The lactation PK study found milk volume fell 8.3% from baseline during treatment. It's modest, but it can matter for a mother with borderline supply or one exclusively breastfeeding. The mechanism is unclear — possibly GABAergic effects on prolactin, sedation-related reduced feeding frequency, or study conditions. If a patient reports lower supply during the course, frame it as a recognized, expected finding: advise hydration, frequent pumping/feeding, and reassurance that supply should normalize after the 14 days.

Monitoring the Infant

Because zuranolone is a potent GABA-A PAM, the theoretical concern in a breastfed infant is sedation. Monitor for unusual sleepiness or a "poor suck," difficulty waking for feeds, and adequate weight gain across the 14-day course. In practice, the very low RID makes clinically significant infant sedation unlikely — but the monitoring is simple and worth doing.

Comparative Lactation Data

The two neuroactive steroids side by side — and where zuranolone sits among antidepressants for milk transfer.

Agent RID (approx.) Protein Binding Milk:Plasma Status / Recommendation
Zuranolone (Zurzuvae) 0.36% (30 mg); <1% (50 mg est.) >99.5% Available; RID compatible with breastfeeding, shared decision-making given absent fed-infant data
Brexanolone (Zulresso) ≤1.3% ~99% 1.36 Withdrawn from US market (FDA approval withdrawn Apr 14, 2025); low RID historically
Sertraline (reference) ~0.5–3% ~98% Preferred SSRI in lactation; lowest milk transfer among SSRIs
Fluoxetine (reference) ~5–9%+ ~95% Higher milk levels; long half-life — use with more caution in lactation

The takeaway: by relative infant dose, zuranolone is in the most-reassuring tier of antidepressants — its limitation in breastfeeding is the absence of direct fed-infant data and its maternal sedation profile, not the quantity that reaches milk.

Maternal Safety: the 12-Hour Rule

Evidence: Boxed warning; CNS depression is the dominant practical constraint
Boxed Warning — Impaired Ability to Drive

Zuranolone carries a boxed warning: it "causes driving impairment due to central nervous system (CNS) depressant effects.
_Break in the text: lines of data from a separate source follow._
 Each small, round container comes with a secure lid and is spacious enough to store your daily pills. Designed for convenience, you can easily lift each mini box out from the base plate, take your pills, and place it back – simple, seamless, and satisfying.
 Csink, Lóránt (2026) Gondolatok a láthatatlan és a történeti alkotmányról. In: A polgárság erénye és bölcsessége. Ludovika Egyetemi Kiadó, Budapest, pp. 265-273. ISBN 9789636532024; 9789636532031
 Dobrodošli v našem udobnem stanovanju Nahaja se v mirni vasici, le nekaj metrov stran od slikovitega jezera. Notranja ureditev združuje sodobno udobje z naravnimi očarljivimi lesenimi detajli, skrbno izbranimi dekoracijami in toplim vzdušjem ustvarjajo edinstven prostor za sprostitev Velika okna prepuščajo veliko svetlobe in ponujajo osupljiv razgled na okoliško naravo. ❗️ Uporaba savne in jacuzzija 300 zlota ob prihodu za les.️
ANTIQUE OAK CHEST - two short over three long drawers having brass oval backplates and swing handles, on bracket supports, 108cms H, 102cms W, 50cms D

Advise patients not to drive or engage in other potentially hazardous activities until at least 12 hours after administration." Critically, patients may not be able to accurately assess their own degree of impairment.

Adverse Reactions (50 mg vs. placebo, Study 1)
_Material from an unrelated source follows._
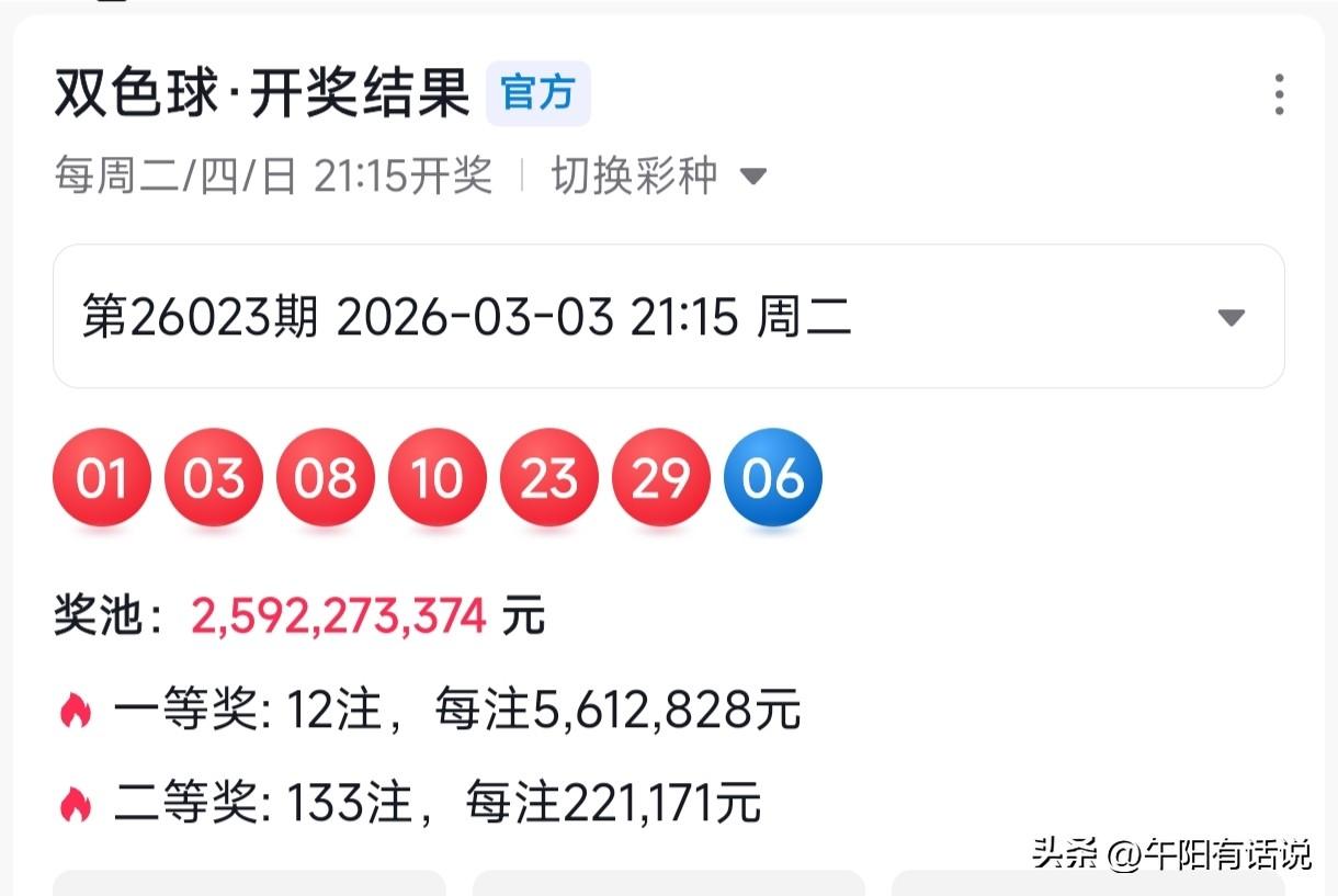 双色球26024期号码共享,红色球关注1、4尾,蓝色球防小号热开 开奖快讯 双色球26023期开奖号码为: 01 03 08 10 23 29 + 06 红色球号码走势 本期红色球三区比为4:0:2,继上期红一区开出断区之后,本期红二区也紧随其后,开出了断区。而红一区号码在连续三期回调冷开之后,出现了强烈反弹,开出了四个奖号,与午阳在本期选号时,所判断方向一致。 前一段时间,红一区号码热度持续走高,三码和四码开出频率明显上升。最近几期,热度逐渐回冷,在上期冷度达到最大值,直接开出了断区。在大冷之后,本期迅速回弹,以大热方式开出,预计接下来以温热状态开出的概率较大。 红三区本期热度有所下降,开出了两个奖号,不过仍然处于温热状态。最近一段时间,红三区号码整体处于回补热开期,虽然期间出现了短暂回调,不过整体热度较高。 尤其是前期和上期连续两期开出了四个奖号,将热度提升到巅峰。不过物极必反,虽然本期仍以温热状态开出,不过接下来出现回调冷开的概率较大。 蓝色球号码走势 本期开奖号码开出了号码06,大号在经过一期短暂回补之后,本期小号再次出现反弹。最近一段时间,小号热度超高,曾连续四期和五期开出。预计接下来小号继续连开的概率较大。 双色球26024期晒号 红色球: 04 06 11 14 15 17 21 26 30 蓝色球: 02 03 08 精选一注 04 11 14 15 21 30 + 08

Somnolence 36% vs. 6%; dizziness 13% vs. 9%; diarrhea 6% vs. 2%; fatigue 5% vs. 2%; UTI 5% vs. 4%. Some treated patients developed a confusional state (one severe). Because of CNS depression, fall risk is elevated, and concurrent CNS depressants (alcohol, benzodiazepines, opioids) compound impairment. A warning for suicidal thoughts/behaviors is included, though this was not observed in the RCTs.

Clinical Pearl № 7
The 36% Somnolence Rate Is the Defining Safety Issue for Breastfeeding Mothers

More than a third of patients experience somnolence — and for an already sleep-deprived mother responsible for a newborn, that is a safety problem, not just a nuisance. ACOG advises that for at least 12 hours after each dose patients should avoid "caring for their infant alone (including feeding, changing, or bathing)" and that they "may not be able to accurately assess their own degree of impairment." Practically, that means a support person must be available during the 12-hour post-dose window for 14 consecutive nights.

Clinical Pearl № 8
The 12-Hour Rule Requires a Support Person for 14 Consecutive Nights

This is the single most practically challenging aspect of zuranolone. If the dose is taken at 8 PM with dinner (as recommended), the impairment window runs to ~8 AM — so for 14 straight nights someone else must be available for the baby's nighttime needs. For mothers with partners or family, manageable. For single mothers, those without support, or whose partners work nights, it can be a dealbreaker. Assess support availability before prescribing. If no one is available for 14 consecutive nights, an SSRI — which does not impair nighttime caregiving — may be the safer choice despite its slower onset.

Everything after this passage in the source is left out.